Social Networking

Sunday, April 3, 2011
First Aired:
Sunday, July 5, 2009

What Is It

从互联网初期的在线公告板,到现代的Facebook和MySpace,人们利用通信技术以创新的方式进行联系。我们的传统价值观如何适应我们新的数字游戏?John and Ken network with Malcolm Parks from the University of Washington, author ofPersonal Relationships and Personal Networks该节目在俄勒冈州福里斯特格罗夫的太平洋大学现场录制。

Listening Notes

Does technology affect us or do we affect it? Do internet social networking sites operate as a substitute for face-to-face contact? How have sites like Facebook and Twitter changed how we conceive of and publicly present our identity? These questions guide this edition of Philosophy Talk, where John and Ken are joined by a live audience and guest Malcolm Parks, Professor of Communications at the University of Washington.

John opens the show by relating his skepticism about social networking, describing his use of Facebook and its bizarre concept of friendship, where a “friend” might be someone you’ve never met. What does friendship mean in this context? How has social networking changed how casual friends, businesses and customers, lovers, and activists united in a cause relate to one another? Malcolm Parks joins the conversation and suggests that these relationships are enhanced by the immediate connectivity social networking offers.

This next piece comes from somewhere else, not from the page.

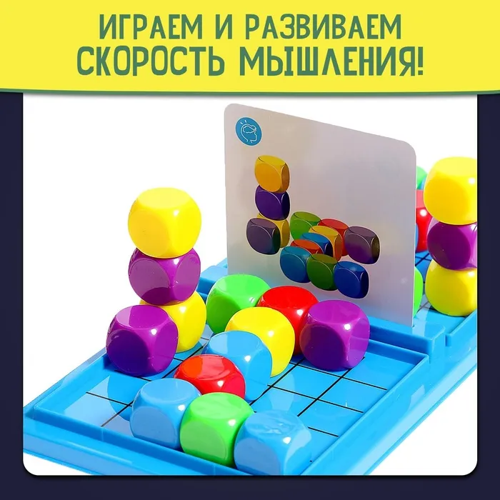 - Задача игроков — как можно быстрее расставить кубики на своей стороне игрового поля так, чтобы положение и цвет каждого кубика соответствовали заданию на картинке.
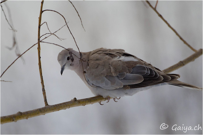 Les Arêtes, La Chaux-de-Fonds (NE), Décembre 2012 - Référence: 397- NIKON D7000, à 500 mm (750 mm), f/6.3, 1/400 s, 800 ISO Tourterelle turqueStreptopelia decaocto

Ken提出,社交网络不仅开辟了新的社会组织和联系形式,而且鼓励以新的方式思考我们作为人是谁。Facebook等社交网站的个人资料就像是公开宣布身份的舞台。这些网站给了我们在如何公开展示自己方面无与伦比的控制权,肯认为,我们是谁是由我们在这种情况下如何声明自己而形成的。一名观众提出这样的问题:把自己的身份代表成一个特定的人,是否就会让你成为那个人?这进一步质疑了我们在网上可以同时扮演多个角色的能力。

The conversation turns to how social networking undermines top-down structures of authority, such as peer-reviewed publications, by giving anyone with a computer and access to the internet the ability to connect with others and publish material. While older forms of authority allow for quality-control and a degree of exclusivity, the dissemination of knowledge through social networking is competitive and dialectical but unmoderated and open to potential hazards such as trolling. The show closes with the conclusion that social networking is reconfiguring the social world, for better or worse.

  • Roving Philosophical Report(Seek to 6:42): April Dembosky interviews Bob Hyatt, a pastor at Evergreen Christian Community in Portland, Oregon, about his use of social networking sites to further religious fellowship.